Segment Start: Data

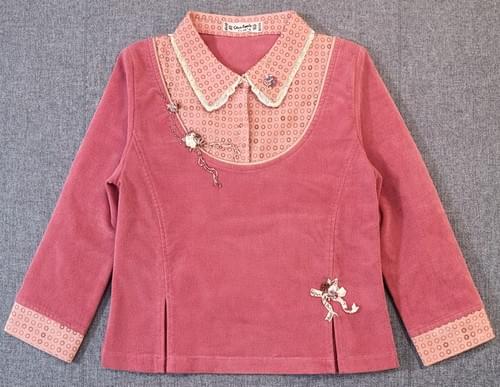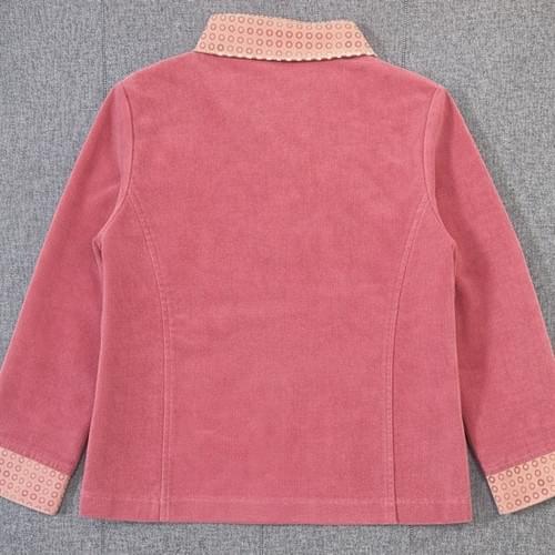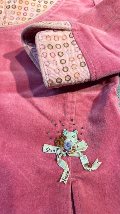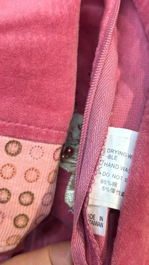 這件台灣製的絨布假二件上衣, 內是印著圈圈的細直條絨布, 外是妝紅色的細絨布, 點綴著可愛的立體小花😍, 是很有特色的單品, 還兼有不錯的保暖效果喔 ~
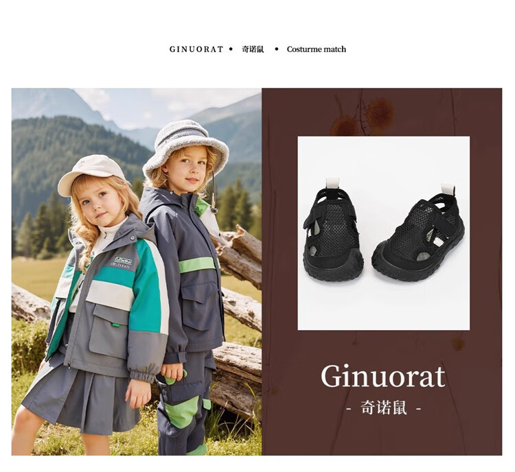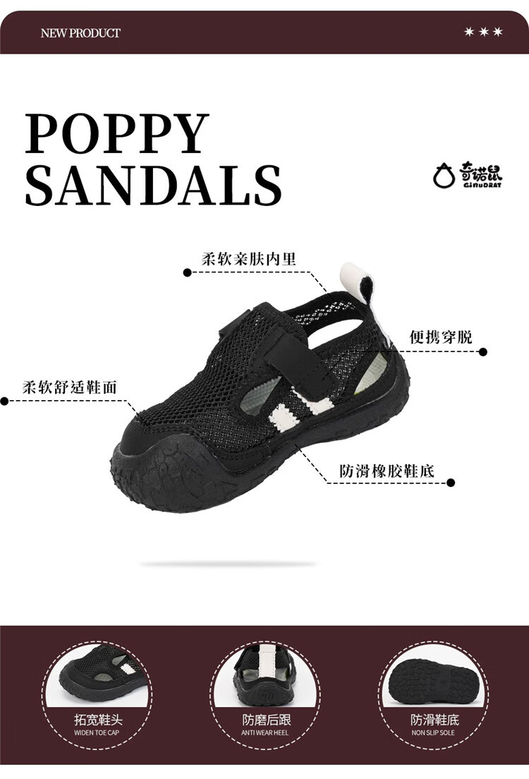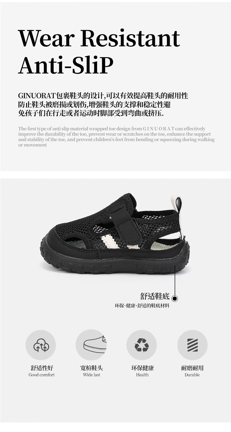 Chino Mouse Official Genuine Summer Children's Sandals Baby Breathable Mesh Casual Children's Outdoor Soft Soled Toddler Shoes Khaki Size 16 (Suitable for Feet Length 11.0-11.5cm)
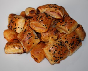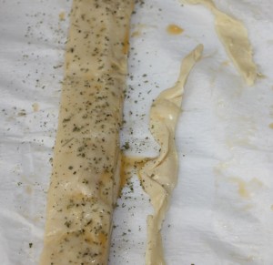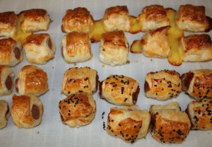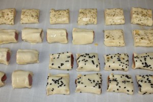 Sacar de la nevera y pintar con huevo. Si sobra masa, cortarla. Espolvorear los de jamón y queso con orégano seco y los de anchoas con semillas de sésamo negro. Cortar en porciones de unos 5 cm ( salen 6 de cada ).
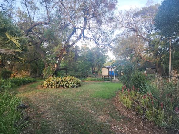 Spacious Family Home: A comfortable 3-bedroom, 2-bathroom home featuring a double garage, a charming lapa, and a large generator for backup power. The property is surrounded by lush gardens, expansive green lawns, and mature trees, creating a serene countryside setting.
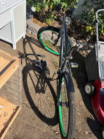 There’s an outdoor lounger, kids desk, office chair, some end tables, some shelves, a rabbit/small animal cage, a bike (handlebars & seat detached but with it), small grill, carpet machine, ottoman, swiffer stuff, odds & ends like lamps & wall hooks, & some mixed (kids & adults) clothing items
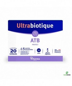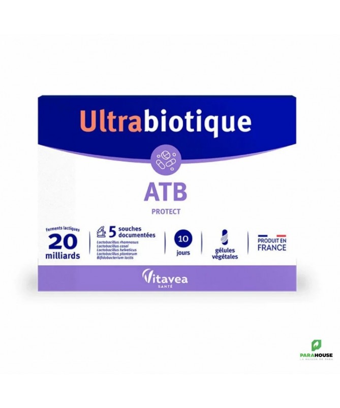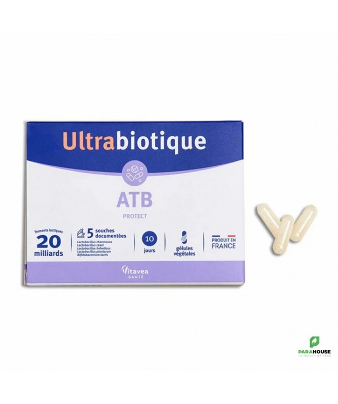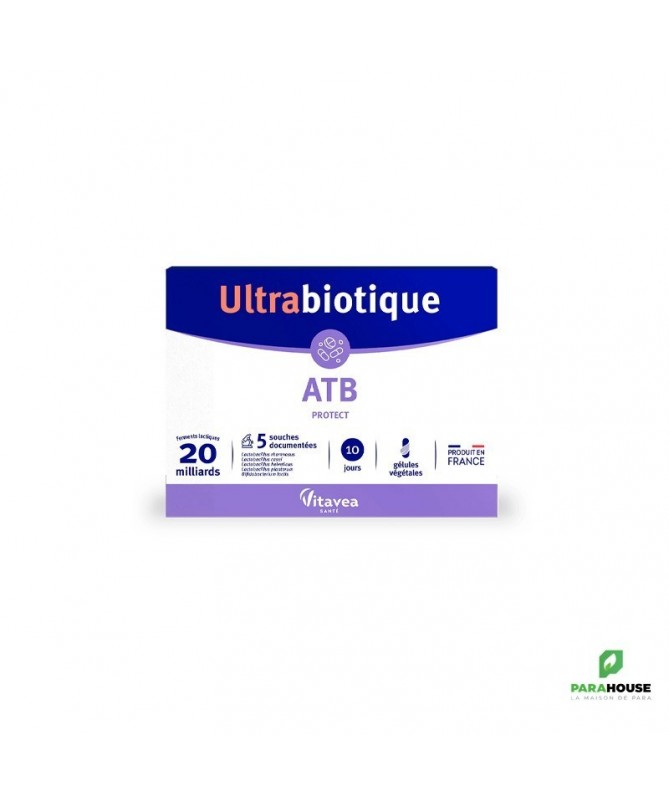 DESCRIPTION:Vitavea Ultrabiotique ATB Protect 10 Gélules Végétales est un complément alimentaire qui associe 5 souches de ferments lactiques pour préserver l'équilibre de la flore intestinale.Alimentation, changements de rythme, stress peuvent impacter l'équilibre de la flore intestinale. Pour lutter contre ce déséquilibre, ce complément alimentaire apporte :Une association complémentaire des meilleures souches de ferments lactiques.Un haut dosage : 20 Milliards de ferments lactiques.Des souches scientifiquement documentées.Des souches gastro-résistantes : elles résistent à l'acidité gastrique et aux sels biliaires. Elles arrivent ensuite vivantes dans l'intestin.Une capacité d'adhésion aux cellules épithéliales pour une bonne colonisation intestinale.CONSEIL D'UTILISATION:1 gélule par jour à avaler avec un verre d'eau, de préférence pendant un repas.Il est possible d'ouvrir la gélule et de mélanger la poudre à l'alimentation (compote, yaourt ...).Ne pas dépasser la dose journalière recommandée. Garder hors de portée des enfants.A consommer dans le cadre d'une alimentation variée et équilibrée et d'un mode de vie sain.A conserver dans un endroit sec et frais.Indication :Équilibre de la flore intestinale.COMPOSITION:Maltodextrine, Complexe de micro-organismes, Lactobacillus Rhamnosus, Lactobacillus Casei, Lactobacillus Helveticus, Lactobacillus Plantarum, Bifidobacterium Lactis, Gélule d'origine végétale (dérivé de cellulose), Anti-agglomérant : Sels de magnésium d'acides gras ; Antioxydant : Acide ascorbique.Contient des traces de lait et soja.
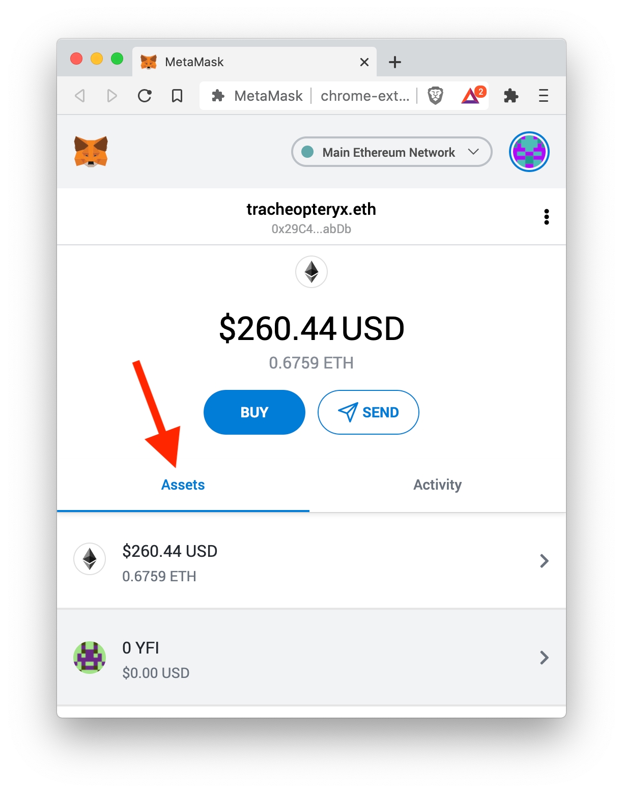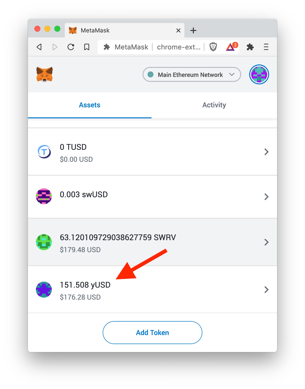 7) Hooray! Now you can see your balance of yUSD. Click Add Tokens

Segment End: Data

Repeat only the stretch of data above that runs from the line with "Spacious Family Home: A" to the line with "There’s an outdoor". Keep both end lines; exclude pictures.

 Spacious Family Home: A comfortable 3-bedroom, 2-bathroom home featuring a double garage, a charming lapa, and a large generator for backup power. The property is surrounded by lush gardens, expansive green lawns, and mature trees, creating a serene countryside setting.
 There’s an outdoor lounger, kids desk, office chair, some end tables, some shelves, a rabbit/small animal cage, a bike (handlebars & seat detached but with it), small grill, carpet machine, ottoman, swiffer stuff, odds & ends like lamps & wall hooks, & some mixed (kids & adults) clothing items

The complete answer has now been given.